It is not necessarily a good thing for a someone to be travelling abroad to join any of these groups with a view to violent conflict, and I am convinced that some people do travel to join the most abhorrent of groups.

But, the point is that, despite what the Sun wrote, the question did not mention IS or any of their evil tactics, and could have in theory suggested some sort of allegiance to very many other military-esque groups.

The question only asks whether the respondent has sympathy for these young Muslims who travel abroad.

To have sympathy for someone does not mean that you agree with the aims or tactics of the people they are persuaded to go and meet.

Google tells us that the definition of sympathy is:

feelings of pity and sorrow for someone else’s misfortune.

One can quite easily imagine a situation where, even if you believe these people are travelling to Syria specifically to become human weapons trying to mass target innocent victims you can have some sympathy for the young person involved.

It seems plausible to have some sympathy for a person that has been brainwashed, misguided, preyed on by evildoers and feels that they have such quality of life that the best option for their future is to go and join a group of fighters in a very troubled country.
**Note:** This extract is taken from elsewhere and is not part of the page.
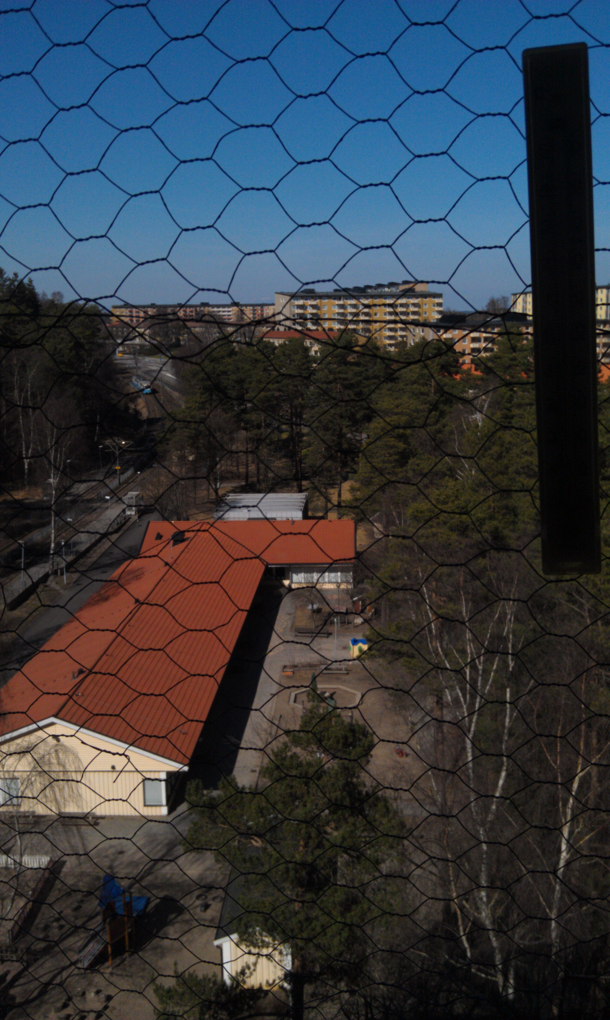 Nu sitter jag visserligen inne, men inte inburad… (Haha, gbg smittar av sej). ”Gallret” är ett kattnät, såklart.

Their decisions may be absurd, perhaps they may even end up involved in some sick, awful, criminal act for which no excuses could possibly apply – but you could have some sympathy for a person being recruited to a twisted and deadly cause, whilst virulently disagreeing with the ideology and actions of a criminal group that tries to attract them.

And, guess what, the Sun handily left out some statistics that might suggest that is some of what is happening.
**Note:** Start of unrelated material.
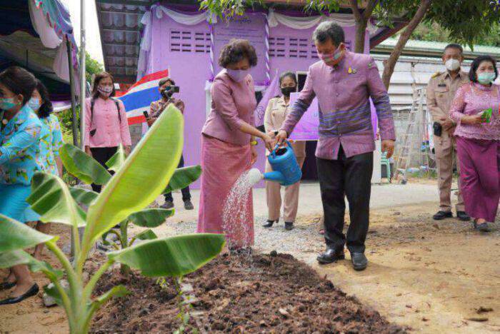 จากนั้น นายสุทธิพงษ์ จุลเจริญ ดร.วันดี กุญชรยาคง จุลเจริญ และ นายชาญนะ เอี่ยมแสง ผู้ว่าราชการจังหวัดนครปฐม ยังได้ร่วมปลูกผักสวนครัวให้แก่ครัวเรือนยากไร้ เพื่อเป็นตัวอย่างให้กับทุกครอบครัวในชุมชน ให้หันมาปลูกผักสวนครัว เพื่อเป็นการลดรายจ่าย และมีพืชผักสวนครัวที่สะอาดปลอดภัยรับประทานกันเองในครัวเรือน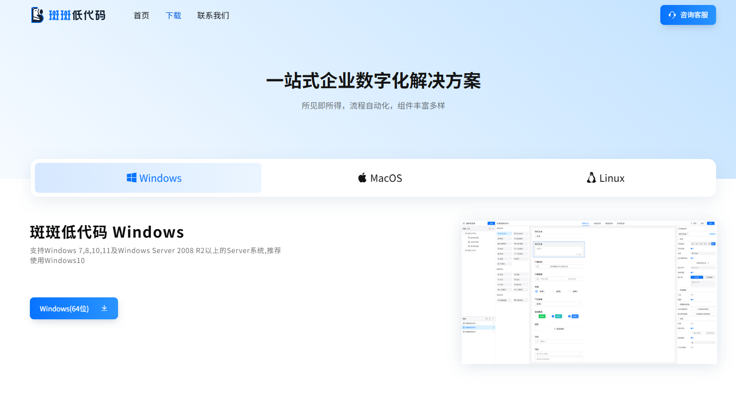 斑斑是一款本地私有化部署的低代码平台,所以你需要先下载一个客户端安装包。

For every such survey that concentrates on the responses of a particular population, it’s always important to measure the base rate, or a control group rate. Otherwise, how do you know whether the population you are concentrating on is different from any other population? It’s very rare that any number is meaningful without some comparative context.
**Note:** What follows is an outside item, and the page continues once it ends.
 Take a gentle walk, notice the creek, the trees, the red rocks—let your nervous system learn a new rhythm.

As it happens, a few months ago, the same survey group did a survey on behalf  of Sky News that asked the same question to non-Muslims. The results can be seen here, on page 8, question 5, reproduced below.

As the Sun didn’t bother providing these “control group” figures, we’re left to assume that no non-Muslim could ever “show sympathy”to the young Muslims leaving the UK to join fighters. But…

Response % selected
I have a lot of sympathy with young Muslims who leave the UK to join fighters in Syria 4.3%
I have some sympathy with young Muslims who leave the UK to join fighters in Syria 9.4%
I have no sympathy with young Muslims who leave the UK to join fighters in Syria 76.8%
Don’t know 9.6%

So, 14% of non-Muslims respond that they have a lot or some sympathy with this group of travellers. Or as the Sun might headline it: “1 in 7 Brit non-Muslims sympathy for jihadis” (just below the same picture of a lady in a bikini, obviously).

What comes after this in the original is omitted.